Henri Mandine - Rognonas (13) - 28/04/2007

Lorsque éducation, épanouissement, amour, sont synonymes , comment peut il être question de générations ? Ces vecteurs d'énergie abolissent espace et temps ,ne peuvent que faire vivre en symbiose les êtres les irradiant . Toute vie , Vincent ,à la confluence de ces flux , sera toujours , avec bonheur,portée par eux ,drainera les autres vers elle . Jamais ce flux , cette faim de vie et de dons à enrichir et partager ne se tarira , même lorsque les forces s'amenuisent. Pour toute génération ,tout être , le prix à payer est , souvent ,la solitude de "l'écorché vif", car il voit , forcément , plus vite et plus loin que les autres , il doit , toujours tendre coeur et mains pour être suivi.
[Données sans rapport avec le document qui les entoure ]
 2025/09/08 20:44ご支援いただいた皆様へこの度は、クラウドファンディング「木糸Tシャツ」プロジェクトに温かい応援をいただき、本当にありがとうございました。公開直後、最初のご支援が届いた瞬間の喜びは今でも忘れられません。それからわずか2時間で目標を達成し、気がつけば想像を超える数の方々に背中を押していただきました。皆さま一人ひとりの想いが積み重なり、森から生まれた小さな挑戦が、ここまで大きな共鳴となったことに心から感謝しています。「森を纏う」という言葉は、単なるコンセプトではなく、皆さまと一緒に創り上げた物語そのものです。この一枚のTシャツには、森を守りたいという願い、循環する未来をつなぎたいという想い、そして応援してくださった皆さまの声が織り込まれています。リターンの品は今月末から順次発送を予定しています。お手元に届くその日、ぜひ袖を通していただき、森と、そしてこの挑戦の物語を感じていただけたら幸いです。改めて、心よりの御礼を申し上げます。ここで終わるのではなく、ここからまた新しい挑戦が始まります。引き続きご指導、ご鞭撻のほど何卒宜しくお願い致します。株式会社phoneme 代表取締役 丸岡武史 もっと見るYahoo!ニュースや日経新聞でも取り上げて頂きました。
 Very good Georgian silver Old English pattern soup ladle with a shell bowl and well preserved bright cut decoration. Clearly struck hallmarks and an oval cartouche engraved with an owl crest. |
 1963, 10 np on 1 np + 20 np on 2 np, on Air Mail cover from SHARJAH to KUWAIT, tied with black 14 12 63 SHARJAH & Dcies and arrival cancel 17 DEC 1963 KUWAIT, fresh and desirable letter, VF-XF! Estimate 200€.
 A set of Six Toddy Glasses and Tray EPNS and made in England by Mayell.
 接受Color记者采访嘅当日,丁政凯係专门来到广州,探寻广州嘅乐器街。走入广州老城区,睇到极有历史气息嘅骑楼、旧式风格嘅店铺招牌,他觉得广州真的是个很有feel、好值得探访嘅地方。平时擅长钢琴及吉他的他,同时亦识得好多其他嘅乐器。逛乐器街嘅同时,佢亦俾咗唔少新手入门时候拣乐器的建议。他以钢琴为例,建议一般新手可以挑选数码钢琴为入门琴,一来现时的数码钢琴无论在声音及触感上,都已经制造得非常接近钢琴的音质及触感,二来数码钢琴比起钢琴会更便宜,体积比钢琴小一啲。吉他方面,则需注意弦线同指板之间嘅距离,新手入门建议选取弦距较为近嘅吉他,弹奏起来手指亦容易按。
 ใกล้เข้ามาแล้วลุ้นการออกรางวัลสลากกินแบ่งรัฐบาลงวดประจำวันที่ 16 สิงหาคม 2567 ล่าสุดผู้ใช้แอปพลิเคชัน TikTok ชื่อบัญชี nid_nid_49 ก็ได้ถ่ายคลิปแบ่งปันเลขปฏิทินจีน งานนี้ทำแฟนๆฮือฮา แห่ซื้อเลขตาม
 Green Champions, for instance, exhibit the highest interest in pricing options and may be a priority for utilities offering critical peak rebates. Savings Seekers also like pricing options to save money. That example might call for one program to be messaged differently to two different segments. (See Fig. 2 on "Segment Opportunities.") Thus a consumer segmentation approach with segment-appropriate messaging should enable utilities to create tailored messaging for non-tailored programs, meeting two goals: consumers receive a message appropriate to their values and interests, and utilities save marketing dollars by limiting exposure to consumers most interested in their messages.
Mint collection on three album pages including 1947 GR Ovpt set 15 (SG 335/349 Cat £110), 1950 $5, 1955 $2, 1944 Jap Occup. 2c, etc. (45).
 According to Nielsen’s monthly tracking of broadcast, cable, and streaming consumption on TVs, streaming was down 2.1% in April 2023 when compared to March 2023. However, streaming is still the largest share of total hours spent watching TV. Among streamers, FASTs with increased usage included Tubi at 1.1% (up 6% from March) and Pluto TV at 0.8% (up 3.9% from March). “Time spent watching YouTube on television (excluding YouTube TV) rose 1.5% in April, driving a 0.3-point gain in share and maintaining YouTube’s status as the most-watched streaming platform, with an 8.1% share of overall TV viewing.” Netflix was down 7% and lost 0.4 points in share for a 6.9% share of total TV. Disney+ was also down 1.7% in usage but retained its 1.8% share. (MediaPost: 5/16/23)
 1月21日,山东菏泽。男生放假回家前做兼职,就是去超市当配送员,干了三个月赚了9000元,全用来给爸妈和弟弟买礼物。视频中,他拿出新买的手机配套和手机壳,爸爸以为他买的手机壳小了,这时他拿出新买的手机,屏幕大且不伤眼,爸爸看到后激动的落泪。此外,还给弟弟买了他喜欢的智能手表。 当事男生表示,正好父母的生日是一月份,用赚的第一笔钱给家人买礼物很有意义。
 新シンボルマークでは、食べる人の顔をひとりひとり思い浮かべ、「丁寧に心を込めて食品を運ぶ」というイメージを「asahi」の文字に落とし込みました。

Lourd défi s'estompant avec l'age . Cependant , il est vrai que certaines décennies plombent davantage les jours .Nous avons surfé sur les 30 "Glorieuses", avons foiré Mai 68, nous arrêtant aux libertés individuelles , ouvrant la boite de Pandore de l'individualisme , pornographiquement consommateur ,faisant le lit de l'ultra libéralisme . Voila l'héritage que nous vous léguons ; pas de quoi être fiers ! Plus que jamais , la résistance inter- générationnelle est vitale . Mais , Vincent , les êtres , porteurs de lumière , habité par tes idéaux , générant , naturellement , ton charisme , souffrent certainement de la solitude , celle habitant ceux qui sont trop dotés ; mais , ces mêmes forces les font toujours " rebondir " quelques soient les défis auxquels ils sont confrontés. Avec humilité , je t'avoue que je parle d'expérience , même si la vie m' a moins doté que toi. Avec toi, Henri .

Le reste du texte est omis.